Mud

I remain in limbo and I want out.

I float here with all the babies who weren’t baptized and the lost souls who, I can only assume, were too kind for hell.

I know that all sounds rather cryptic. I don’t mean to be. I just can only explain the emotions of this half-life I am living so well in words.

I feel so very lucky and loved in so many ways and so very alone in most others. That is not to slight all those around me, it is just the nature of the beast. This is my illness. My fight. My disease. My life. I do not have a choice but to battle while everything else must continue on around me. That means without me as well.

Life is not fair. And for the most part, I have very little to complain about. My health is improving. I am slowly making my way back to all the things I did before. Or, at least, making my way through this quick sand to this new life of mine that slightly resembles the old one. As I gain more health, I see more of me and that life I once knew. It pushes me forward.

Unfortunately everyone and everything around me has changed along with me. Lives must continue forward. And we need to learn and navigate this new chapter. It’s unfamiliar territory. I don’t like it. I want all of the old territory back. All of it. I realize that can’t happen but I know that if I keep pushing I can at least get 99% of it back. That’s my goal, anyway.

In the meantime, I’m supposed to just cope with the cards I have been dealt and make that lemonade or whatever other such nonsense cliché’ allegedly will get me through this mud. This thick, sticky, mud that is heavy with guilt and pain and fear and anger and desperation and yearning for those times when my hand was held constantly and I knew it was going to be ok, simply because my hand was held.

It was that clear.

Now I am just trudging through, blinders on, tunnel vision, headed for that light at the end of that tunnel. Because I can see light. Finally.

And where there once was a crowd holding each hand, life has gone on. And on. And on. And my independence means I will take the strength they have given me over the years and use it to push me through to the end.

God I miss the entwined fingers though. It made the mud feel like crystal clear water. It made the heavy steps feel like a soft glide.

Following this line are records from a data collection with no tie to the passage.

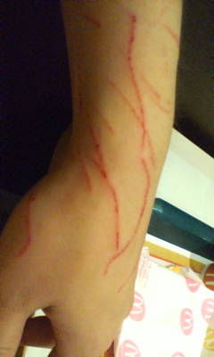 裏側にももちろん同じような傷があって、指には噛まれた傷があります。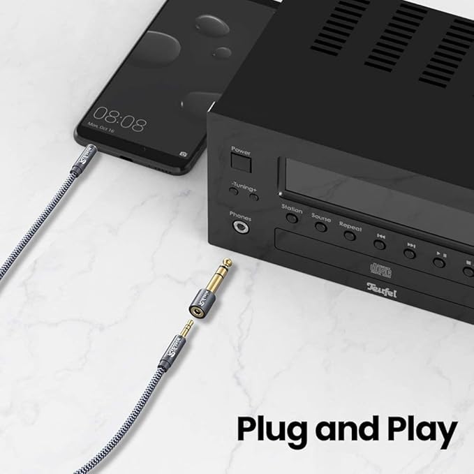 - 【Best Quality Material】 This 6.35mm (1/4 Inch) to 3.5mm (1/8 Inch) audio jack converter made of solid brass, with a much longer service life compared with those plastic connectors with metal paint. 24K Gold-plated connectors resist corrosion and ensure reliable performance and minimal signal loss.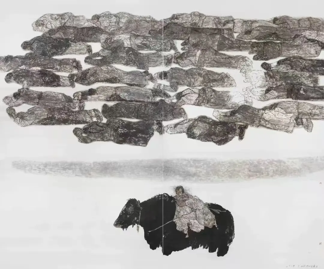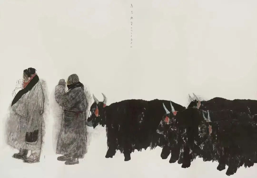 生于1959年的知名画家袁武曾任北京画院执行院长,以其厚重的笔墨在中国人物画领域独树一帜,通过深耕大尺幅人物形象的笔墨技法,尤其对农民与牛、西藏人物的绘写,将写实传统与当代写意精神相融合,有着高天厚土间的质朴与悲悯,画如其人,见到袁武本人,给人的感觉同样是质朴与憨厚。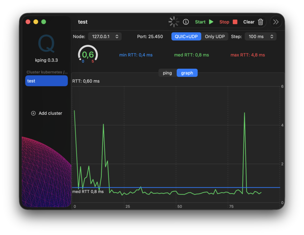 kping is a tool to test connectivity and measure delays between two end points. It can use connections with TCP, UDP or UDP/QUIC.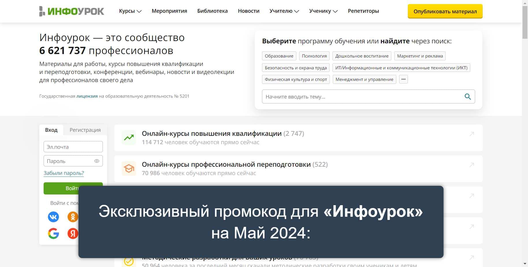 Еще больше специальных промокодов для «Инфоурок» на Май 2024 на Сайте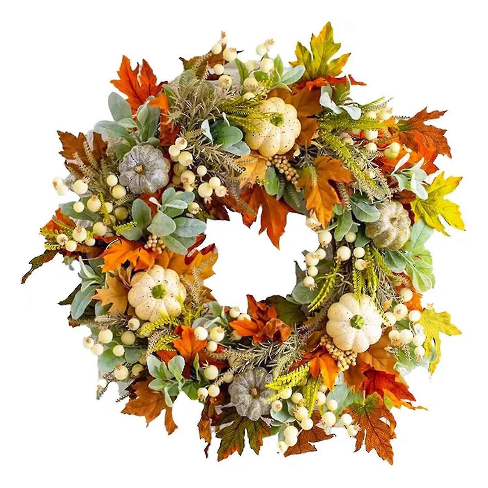 Christmas Hanging Wreath with Pumpkins Holiday Party Decorative Wreath for Porch Door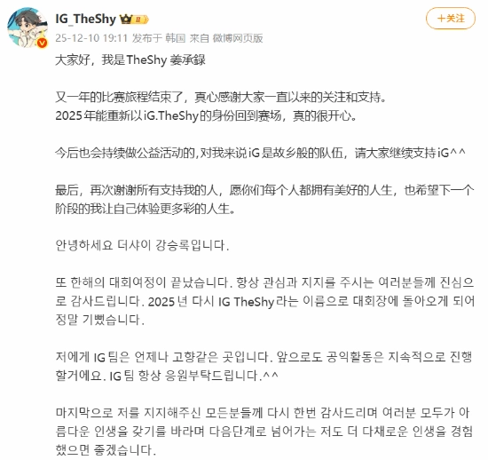 2025年能重新以iG.TheShy的身份回到赛场,我确实非常高兴。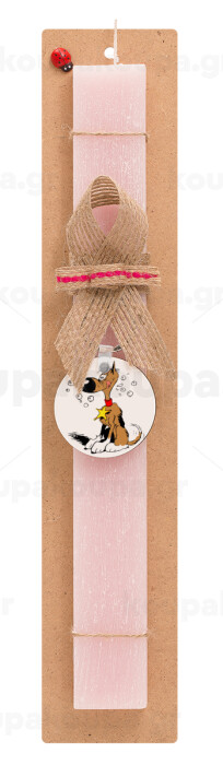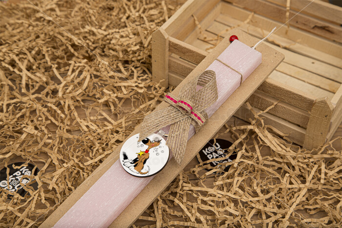 Rantanplan, Easter Set, wooden keychain & scented flat Easter candle (30cm) (PINK)
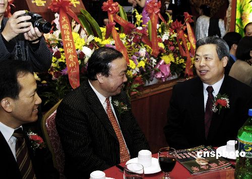 當(dāng)?shù)貢r間一月八日晚,中國駐紐約總領(lǐng)事館總領(lǐng)事彭克玉大使(右)在紐約曼哈頓華埠美東僑界為他舉辦的歡迎晚宴上與華聯(lián)總會共同主席梁冠軍(左)和陳清泉(中)親切交談。中新社發(fā) 鄧悅 攝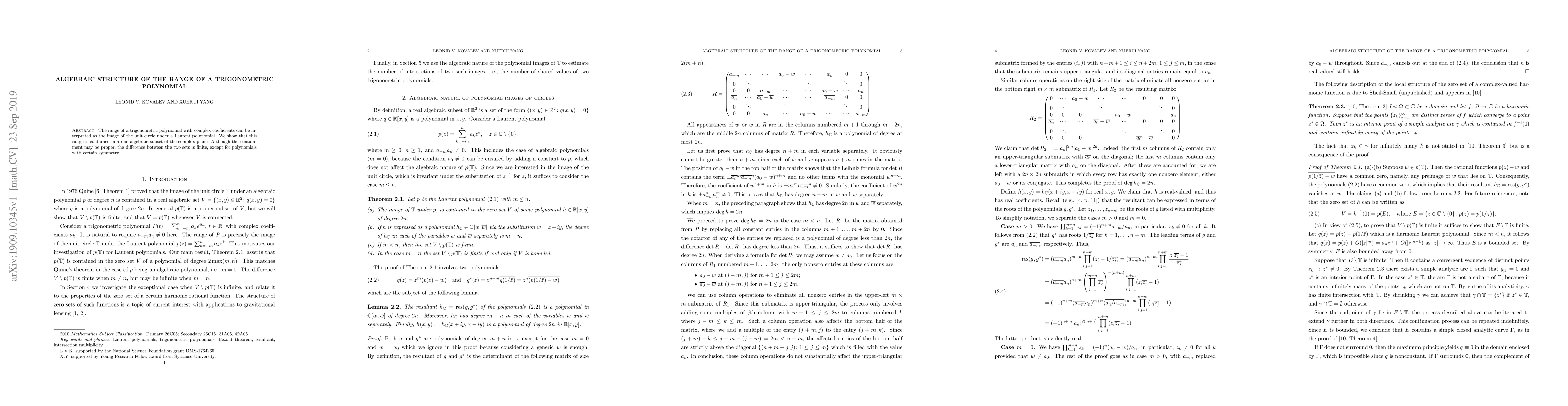 Summary: This paper demonstrates that the range of a trigonometric polynomial with complex coefficients, viewed as the image of the unit circle under a Laurent polynomial, lies within a real algebraic subset of the complex plane, with the difference between the two sets being finite, except for polynomials with specific symmetries.

I continue to carry that feeling with me as I push.

I have no choice.

I can’t force the contact that lifts me up and carries me through. I remember when I had my first surgeries. I could have run around those hospitals. And nearly did. the healing power of a gentle touch of kindness and encouragement can sustain a person through so, so much.

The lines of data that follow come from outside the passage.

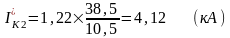 Истинное значение тока короткого замыкания в точке К2 определяется приведением его к напряжению 10 кВ по формуле: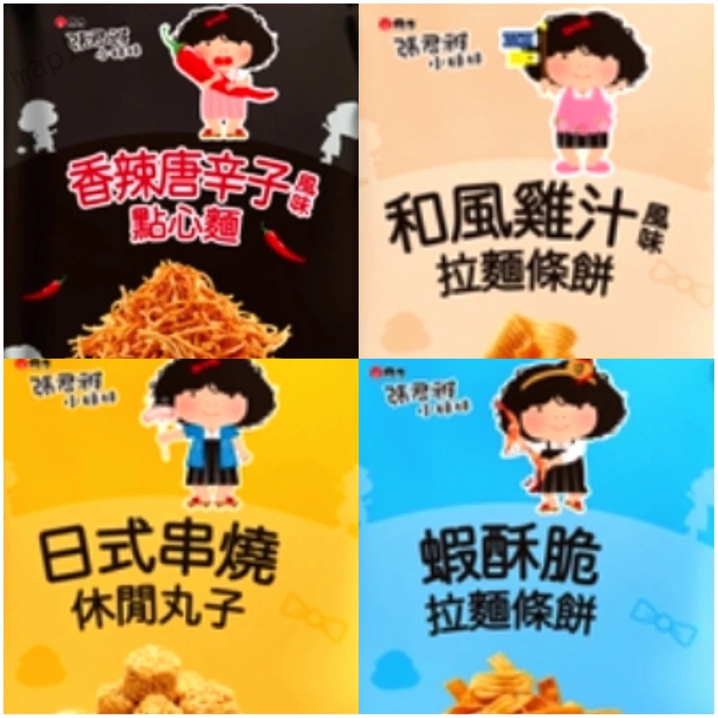 張君雅小妹妹 點心麵 墨西哥辣雞 香辣唐辛子75g 起司香蔥 韓式炸雞 和風雞汁拉麵條餅65g 日式串燒 海苔休閒丸子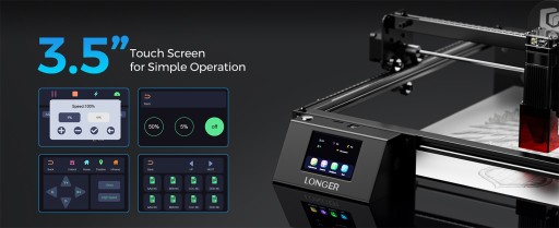 Grawerowanie i cięcie offline instalacji przez kolorowy ekran dotykowy 3,5 cala. Podczas grawerowania i cięcia nie jest potrzebne korzystanie z komputera, co ułatwia korzystanie z różnych funkcji dla majsterkowiczów. Ekran dotykowy 3,5 cala jest dostępny zarówno w modelu Ray5 5W, jak i 10W.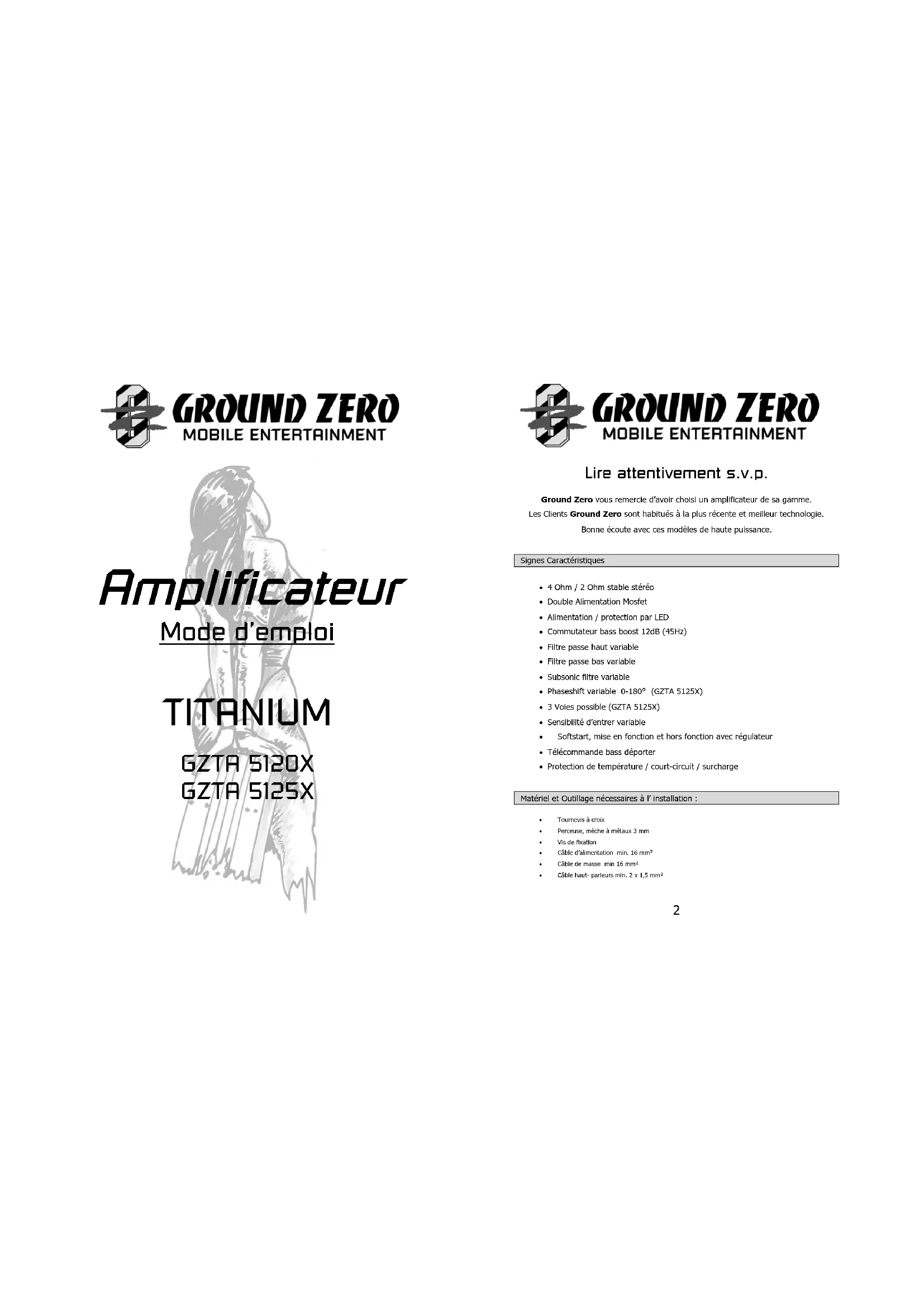 Lire attentivement s.v.p. Ground Zero vous remercie d’avoir choisi un amplificateur de sa gamme. Les Clients Ground Zero sont habitués à la plus récente et meilleur technologie. Bonne écoute avec ces modèles de haute puissance. Signes Caractéristiques

it continues to sustain me. And I am nearly there.

I know everything may never been totally the same, but after I shower off this mud and run a comb through my hair, maybe, just maybe, everyone will see it’s still me.

Comments

  1. Once you come out of that muddy tunnel everyone WILL see you as you and things will be similar enough that you can move on together. Hugs to you.

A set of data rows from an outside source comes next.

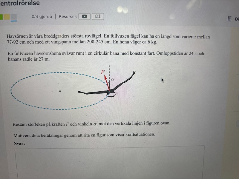 Jag förstår att man ska använda centripetalkraft osv. Men jag använder varianten utan hastigheten men får fel svar. Varför måste jag använde F=mv^2/r och inte F=m4pi^2r/T^2. Vad är skillnaden mellan dom två formlerna? Dessutom undrar jag om det är rätt av mig att skriva F=Fg+Fc, eller krävs pythagoras?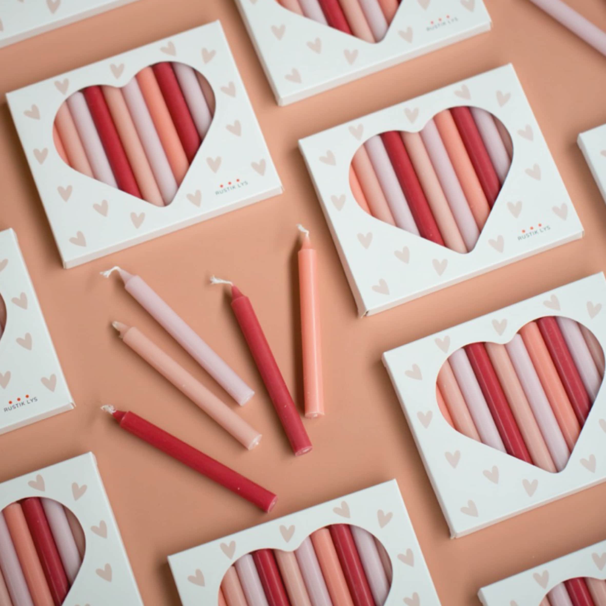 12 kleine potloodkaarsjes in een doosje met hartjes in roze en rood tinten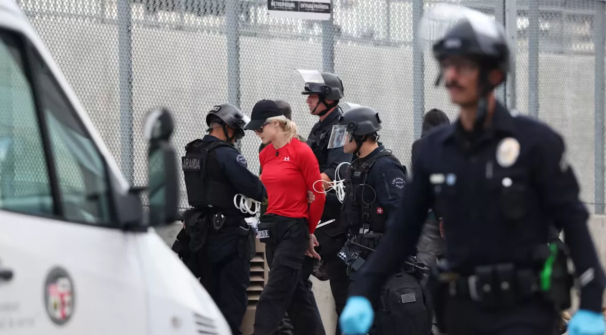 在这同时,部分示威者在洛杉矶市中心的联邦大都会拘留中心附近,同执法人员发生对峙。警方使用催泪气和胡椒喷雾驱散人群,并逮捕了多名拒绝离开现场的示威者。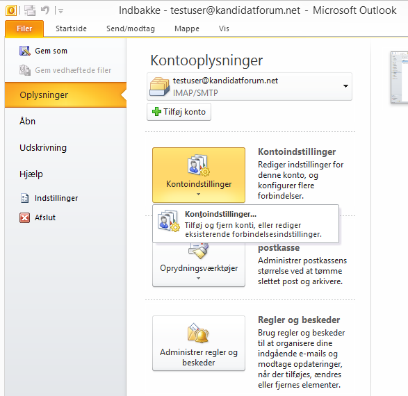 13. De næste indstillinger er skal sikre at dine mails gemmes de de rigtige foldere mm. Klik på filer og kontoindstillinger.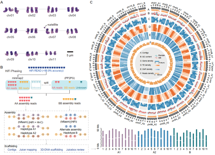 近年来,广东省农科院果树所的香蕉资源圃通过大规模引进、收集,保存有各类种质资源超过600份,是世界最大的香蕉资源圃之一。此次研究以团队新选育的“美食蕉1号”和Silk品种为对象,完成了其单倍型基因组的组装解析,并对其进行了深入分析,为阐明香蕉遗传多样性奠定了基础。团队通过分析基因组来源,首次精确阐明了Plantain和Silk的祖先贡献。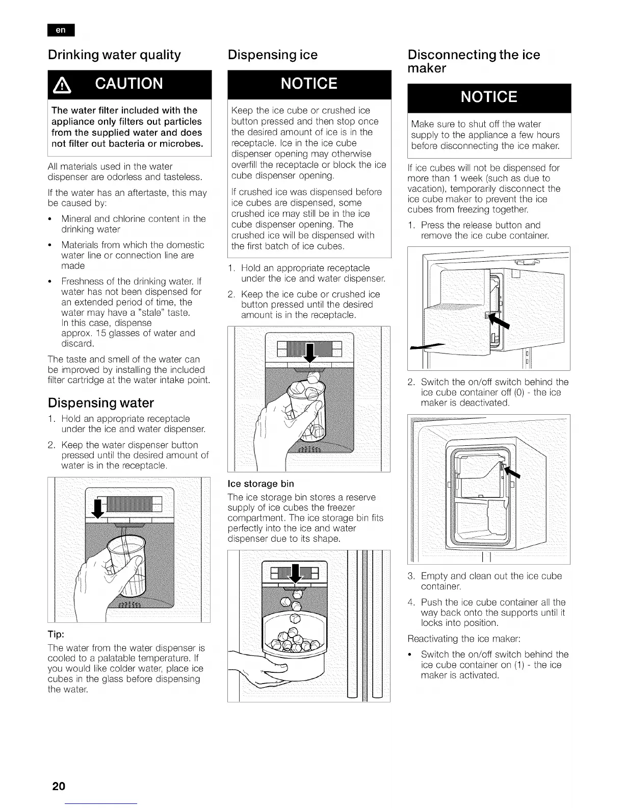 Drinking water quality Dispensing ice Disconnecting the ice

  2. I still see you, mud and all. That is the point. Those that care still see the person inside. The fakers have left. The emotional vampires ran away a long time ago. The posers are standing next to their next best thing.

    I do appreciate that you have kinda cut back on the Goppers. I wish to point out the improvement health wise, but there is no proven correlation. Moderation, that is all I’m saying. Pace yourself.

    My dear, this is the journey. This is who we are at this time. You are not the same person. You know more now. The Erin of the past will always be with the Erin of the future. It will be okay. Honest. To much better days.